I remember when my older brother said to me, in the runup to the war, "What do you think of this war?" and I said, "It's crazy," and he said, "I protested against the Vietnam war, but my Jewish newspaper says this war could be good for Israel." I was shocked.
His attitude was widely shared, and is the reason that Tom Friedman sounds a lot like Richard Perle when he was pushng for the war. Tom Friedman, liberal hero. Until the Jewish community comes to terms with all this, there will be little clarity on the left, which Jews remain a significant component of politically.
I'm sure there's some guilt around these issues! Let's hear it.

10 Michael May 3, 2007 at 12:36 pm

some jews surely beleived, as did many non-jews, that taking out Saddam Hussein and enabling a democratic state to develop in Iraq would be a good thing. That it would be good for Israel for there to be a democratic state in the Middle East with greater hope for its youth and that a tyrant like Saddam who had fired missles into Israel and threatened to attack it, did not hurt either. Many people, both Jews and non-Jews, who want to see peace in the Middle East could see the value in taking out Saddam before he gained greater power. Remember, the oil for food scandal and Saddam's own campaign to convince his foes that he had WMDs gave those who were following events there reason to be concerned. Hindsight is 20/20 and of course if people knew that this is how the war would end up, they would opt for a different strategy.

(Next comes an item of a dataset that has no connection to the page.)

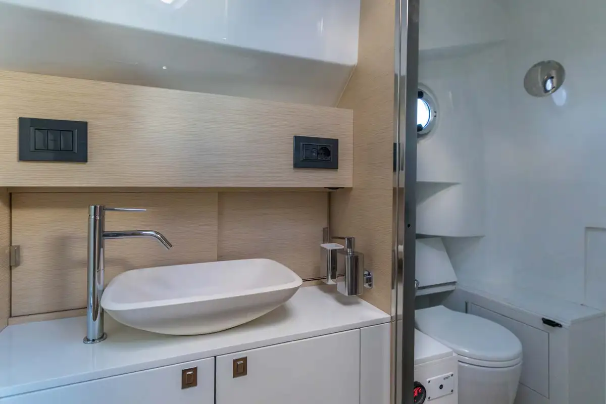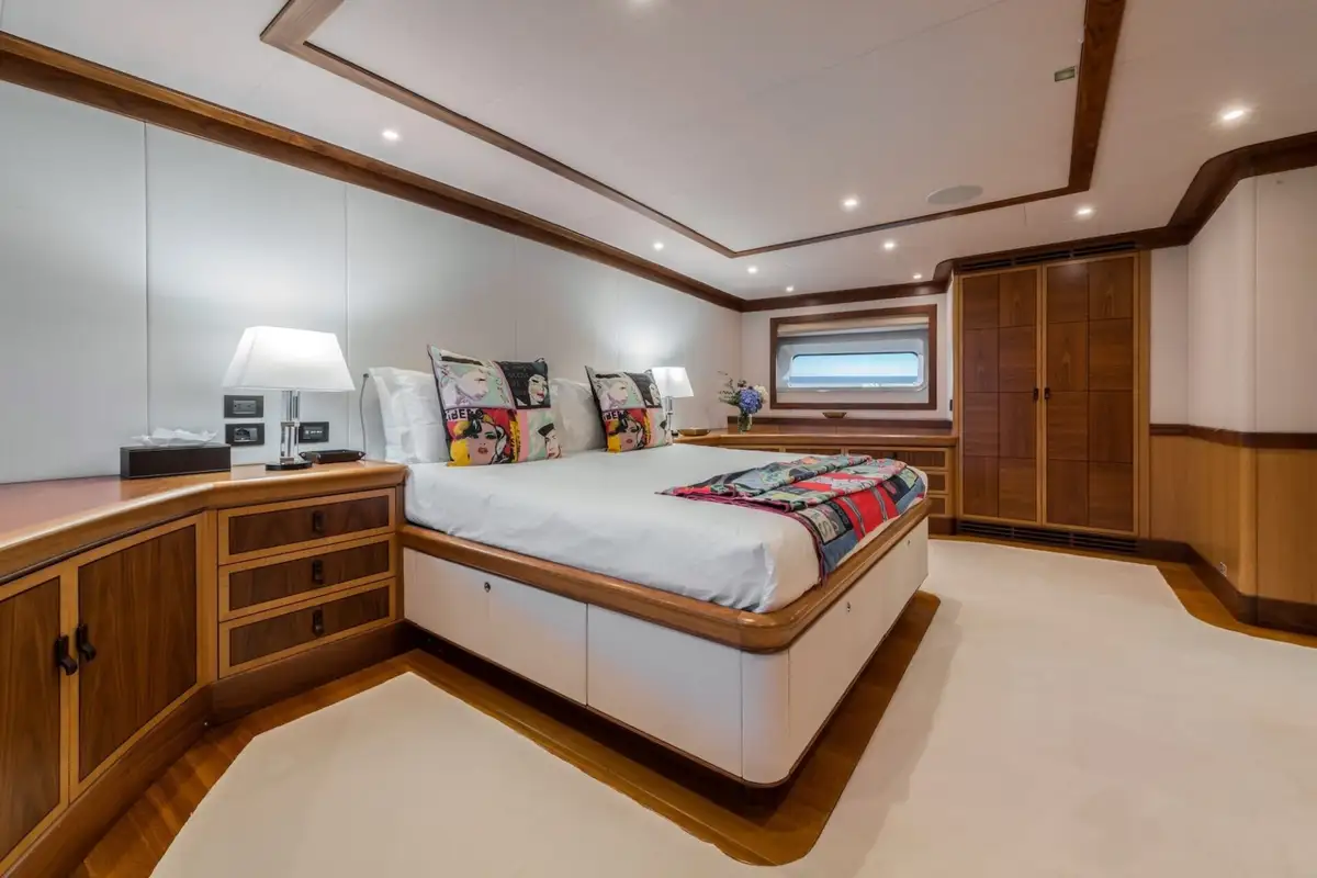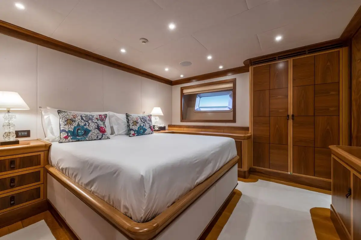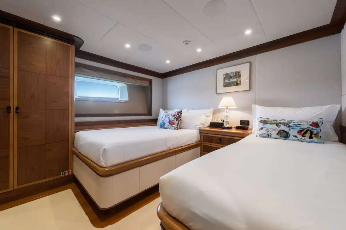 There are four beautifully furnished guest suites aboard MES AMIS and all exhibit outstanding quality. Aft, is the full-beam owner's suite that is light and contemporary-furnished. It has large hull windows on either side, a central king-sized berth and an en suite bathroom with a separate shower compartment and his and hers sinks. There is a second double berth suite, forward and to port of the master cabin. It has a marble-finished en suite bathroom and separate shower compartment. To starboard, there are two twin-berth cabins each with a pullman berth and en suite bathrooms.

Phil Weiss – your attempts to make it appear that world jewry tried to pull the wool over the eyes of the world is pathetic. Grow up already.

11 LanceThruster May 7, 2007 at 5:19 pm

Many friends (Jewish and non-) essentially took the attitude that Israel's enemies should be our (US) enemies as Israel is one of the "good-guys." They would not listen to anything that went against that meme.